# Eircom bundle & reduced package discout mid contract



## Ash (22 Apr 2013)

I'm a long time Eircom customer.  In October last year, I got a cold call from them which ended up reducing the cost of package I was on.  It all came in about E10 or E12 less than before.  So I took it.  Yes there was a 12 month contract but that was ok.  

The most recent bill received has reduced the "eircom Talk & Broadband bundle credit" by approx. E8 over all the bills since the October change. (Other listed charges remain the same)

Am I wrong in thinking the reductions/discounts in a 12 month contract should remain the same for the duration of the contract?

I wasn't notified of a price increase - though in fact it isn't really a price increase but a reduction of the amount of discount.  I feel the cost of the bundle is quite high as it is without paying more again.  

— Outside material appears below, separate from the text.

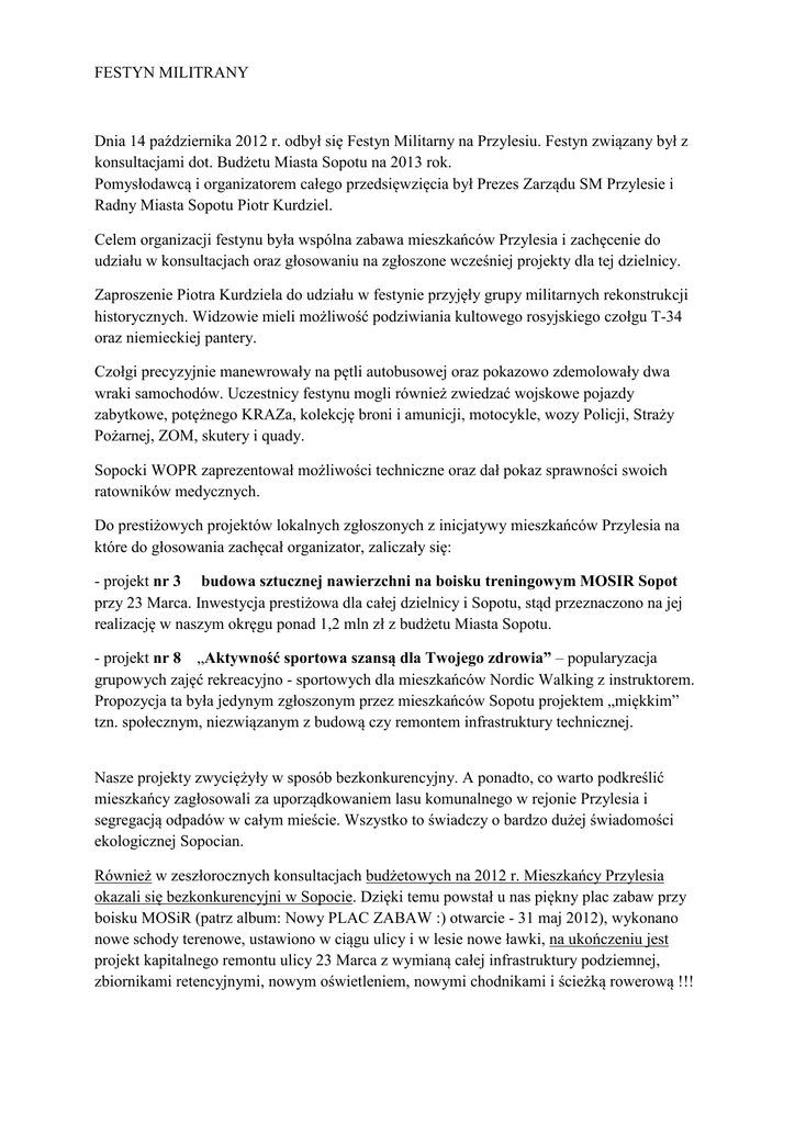 FESTYN MILITRANY Dnia 14 października 2012 r. odbył się Festyn Militarny na Przylesiu. Festyn związany był z konsultacjami dot. Budżetu Miasta Sopotu na 2013 rok. Pomysłodawcą i organizatorem całego przedsięwzięcia był Prezes Zarządu SM Przylesie i Radny Miasta Sopotu Piotr Kurdziel. Celem organizacji festynu była wspólna zabawa mieszkańców Przylesia i zachęcenie do udziału w konsultacjach oraz głosowaniu na zgłoszone wcześniej projekty dla tej dzielnicy. Zaproszenie Piotra Kurdziela do udziału w festynie przyjęły grupy militarnych rekonstrukcji historycznych. Widzowie mieli możliwość podziwiania kultowego rosyjskiego czołgu T-34 oraz niemieckiej pantery. Czołgi precyzyjnie manewrowały na pętli autobusowej oraz pokazowo zdemolowały dwa wraki samochodów. Uczestnicy festynu mogli również zwiedzać wojskowe pojazdy zabytkowe, potężnego KRAZa, kolekcję broni i amunicji, motocykle, wozy Policji, Straży Pożarnej, ZOM, skutery i quady. Sopocki WOPR zaprezentował możliwości techniczne oraz dał pokaz sprawności swoich ratowników medycznych. Do prestiżowych projektów lokalnych zgłoszonych z inicjatywy mieszkańców Przylesia na które do głosowania zachęcał organizator, zaliczały się: - projekt nr 3 budowa sztucznej nawierzchni na boisku treningowym MOSIR Sopot przy 23 Marca. Inwestycja prestiżowa dla całej dzielnicy i Sopotu, stąd przeznaczono na jej realizację w naszym okręgu ponad 1,2 mln zł z budżetu Miasta Sopotu. - projekt nr 8 „Aktywność sportowa szansą dla Twojego zdrowia” – popularyzacja grupowych zajęć rekreacyjno - sportowych dla mieszkańców Nordic Walking z instruktorem. Propozycja ta była jedynym zgłoszonym przez mieszkańców Sopotu projektem „miękkim” tzn. społecznym, niezwiązanym z budową czy remontem infrastruktury technicznej. Nasze projekty zwyciężyły w sposób bezkonkurencyjny. A ponadto, co warto podkreślić mieszkańcy zagłosowali za uporządkowaniem lasu komunalnego w rejonie Przylesia i segregacją odpadów w całym mieście. Wszystko to świadczy o bardzo dużej świadomości ekologicznej Sopocian. Również w zeszłorocznych konsultacjach budżetowych na 2012 r. Mieszkańcy Przylesia okazali się bezkonkurencyjni w Sopocie. Dzięki temu powstał u nas piękny plac zabaw przy boisku MOSiR (patrz album: Nowy PLAC ZABAW :) otwarcie - 31 maj 2012), wykonano nowe schody terenowe, ustawiono w ciągu ulicy i w lesie nowe ławki, na ukończeniu jest projekt kapitalnego remontu ulicy 23 Marca z wymianą całej infrastruktury podziemnej, zbiornikami retencyjnymi, nowym oświetleniem, nowymi chodnikami i ścieżką rowerową !!! Duża frekwencja w głosowaniu i skoncentrowanie głosów na w/w inicjatywach, pozwoli na jeszcze większe efekty pracy pana Piotra Kurdziela w Radzie Miasta Sopotu dla dzielnicy Przylesie i Sopotu. Dla radnego wsparcie wyborców w czasie trwania kadencji jest bezcenne. Atrakcyjny, nietuzinkowy program festynu połączony z degustacją frontowego posiłku z kuchni polowej przyciągnęły tłumy z całego miasta, nie tylko z Osiedla. Przylesie pokazało, że jest nie tylko dynamicznie rozwijającym się, pięknym zakątkiem miasta, ale również integruje społeczność lokalną i Sopocian. Służy temu właśnie proponowane projektów do tegorocznego i ubiegłorocznego budżetu miasta Sopotu: (ścieżka rowerowa, modernizacja boiska czy zajęcia rekreacyjno-ruchowe Nordic Walking). Udana militarna impreza pokazuje, że Mieszkańcy chętnie uczestniczą w tego typu wydarzeniach. Mamy nadzieję, że nie zabraknie Państwa również na kolejnych festynach będących inicjatywą Zarządu SM Przylesie. Dziękujemy Państwu za rekordową frekwencję w porównaniu do innych okręgów Sopotu, udzielone poparcie i okazane zaufanie. Sukces organizacyjny i sukcesy naszych projektów jak i rekordowa frekwencja są dla nas motywacją do kolejnych inicjatyw :) ………………………………………………………………………………………………… Prezes Zarządu SM Przylesie i Radny Miasta Sopotu Piotr Kurdziel dziękuje następującym osobom i instytucjom za udział w imprezie i udzielone wsparcie: - Panu Marianowi Koteckiemu właścicielowi firmy „GRYF” z Żukowa; - Grupie Militarnej Rekonstrukcji Historycznej z Żukowa; - Przedstawicielom Komendy Miejskiej Straży Pożarnej w Sopocie; - Przedstawicielom Komendy Miejskiej Policji i Straży Miejskiej w Sopocie a w szczególności Andrzejowi Śliwskiemu – Z-cy Komendanta SM w Sopocie, mieszkańcowi Przylesia; - Panu Marcinowi Warginowi Dyrektorowi MOSiR Sopot; - Panu Januszowi Kupcewiczowi Dyrektorowi Zakładu Oczyszczania Miasta w Sopocie - Pracownikom MOSiR: Kazimierzowi Zelewskiemu, Danielowi Zelewskiemu, Józefowi Kamińskiemu i Januszowi Wiatrowskiemu, - Ratownikom wodnym i medycznym sopockiego oddziału WOPR; - Radnym Sopotu: Wojciechowi Fułkowi, Jarosławowi Kempie, Piotrowi Bagińskiemu.

Has anyone else noticed this on their eircom bundle bill?


----------



## Guns N Roses (22 Apr 2013)

Eircom usually sell bundle deals at a lower price for 6 months and a higher one for the remainder of the contract.


----------



## Ash (23 Apr 2013)

Thank you Guns N Roses,
That's probably what happened.  To be fair, I can't remember precisely what was said over the phone at the time.  Have yet to get time to set aside to join the customer service phone line queue!


----------



## Leo (24 Apr 2013)

Yeah, most of these offers are limited to 6 months. Their hope being you sign-up based on the special offer rate, then get lazy 12 months later when the contract term expires and don't shop around again.


----------